SUPPLIED DATA:
___

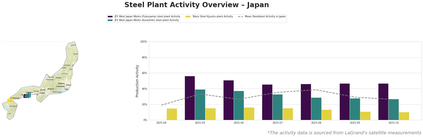 Conversely, the Tokyo Steel Kyushu plant saw a consistent decline in activity, dropping from 15.0% in April to 10.0% in October. The lack of strategic investment or technological upgrades is evident as this plant appears to be lagging behind its competitors.
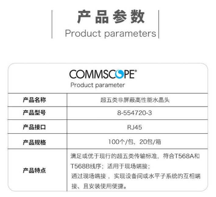 Conpuan Pump superfive non-shielded crystal head RJ45 mesh route plug joint 8-554720-3 to pass the test
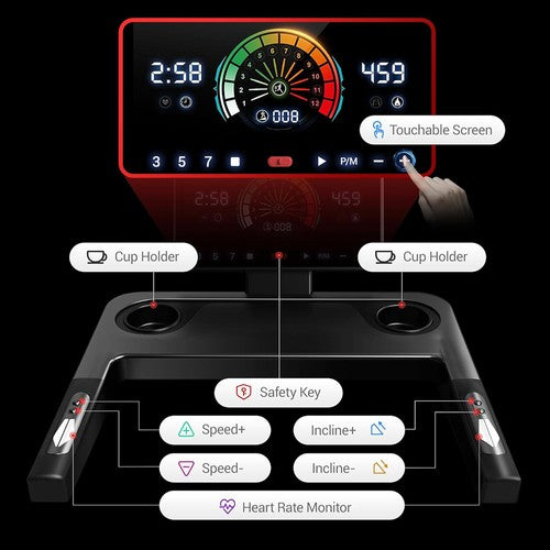 Dieses klappbare Laufband ist mit Herzfrequenzsensoren und Schnellsteuerungstasten an den Handläufen ausgestattet. Berühren Sie während des Trainings einfach die Sensoren an den Handläufen, und Ihre Daten werden in Echtzeit auf dem LED-Display angezeigt. Geschwindigkeitsanpassung, Start und Stopp sind bequem an den linken und rechten Handläufen bedienbar, sodass Sie das Laufband steuern können, ohne den Blick vom Bildschirm abzuwenden. Dieses praktische Design unterstützt Ihren Trainingsrhythmus und sorgt für ein sichereres, effizienteres und flüssigeres Workout.
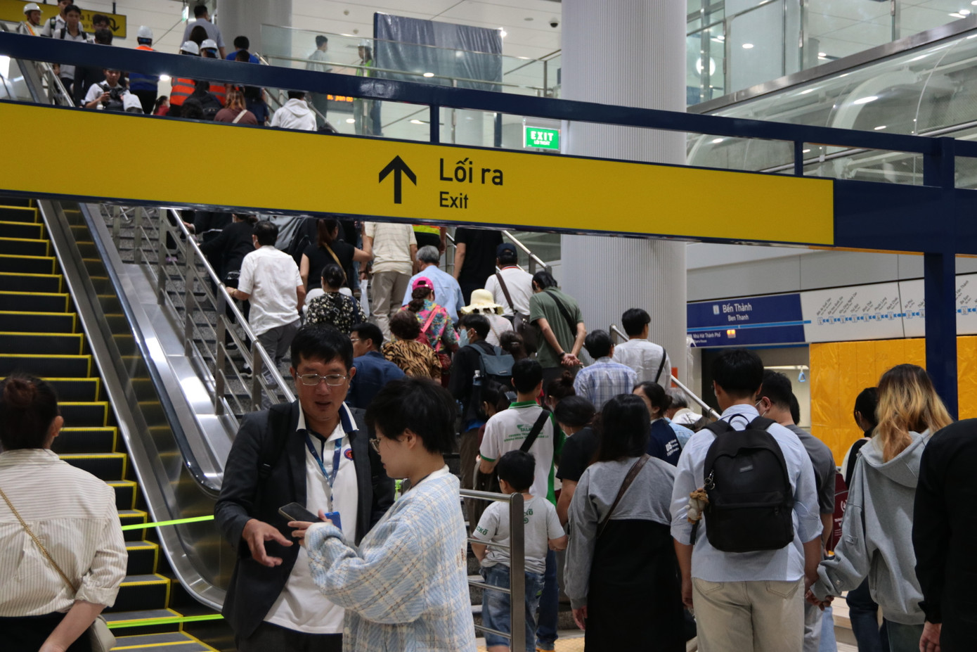 Từ sáng sớm, nhà ga Bến Thành đã đón những lượt khách đầu tiên, trong đó có đông đảo sinh viên. Đối với nhiều bạn sinh viên, đây là trải nghiệm mới lạ khi lần đầu được tham quan nhà ga trung tâm và trải nghiệm ngồi trên tàu Metro số 1.

___

WHAT IS NEEDED:
Only the lines from the one with "Conpuan Pump superfive" to the end of the listing, both ends included, should be retyped exactly; no pictures belong in the copy.

SOLUTION FOR THIS PROBLEM:
 Conpuan Pump superfive non-shielded crystal head RJ45 mesh route plug joint 8-554720-3 to pass the test
 Dieses klappbare Laufband ist mit Herzfrequenzsensoren und Schnellsteuerungstasten an den Handläufen ausgestattet. Berühren Sie während des Trainings einfach die Sensoren an den Handläufen, und Ihre Daten werden in Echtzeit auf dem LED-Display angezeigt. Geschwindigkeitsanpassung, Start und Stopp sind bequem an den linken und rechten Handläufen bedienbar, sodass Sie das Laufband steuern können, ohne den Blick vom Bildschirm abzuwenden. Dieses praktische Design unterstützt Ihren Trainingsrhythmus und sorgt für ein sichereres, effizienteres und flüssigeres Workout.
 Từ sáng sớm, nhà ga Bến Thành đã đón những lượt khách đầu tiên, trong đó có đông đảo sinh viên. Đối với nhiều bạn sinh viên, đây là trải nghiệm mới lạ khi lần đầu được tham quan nhà ga trung tâm và trải nghiệm ngồi trên tàu Metro số 1.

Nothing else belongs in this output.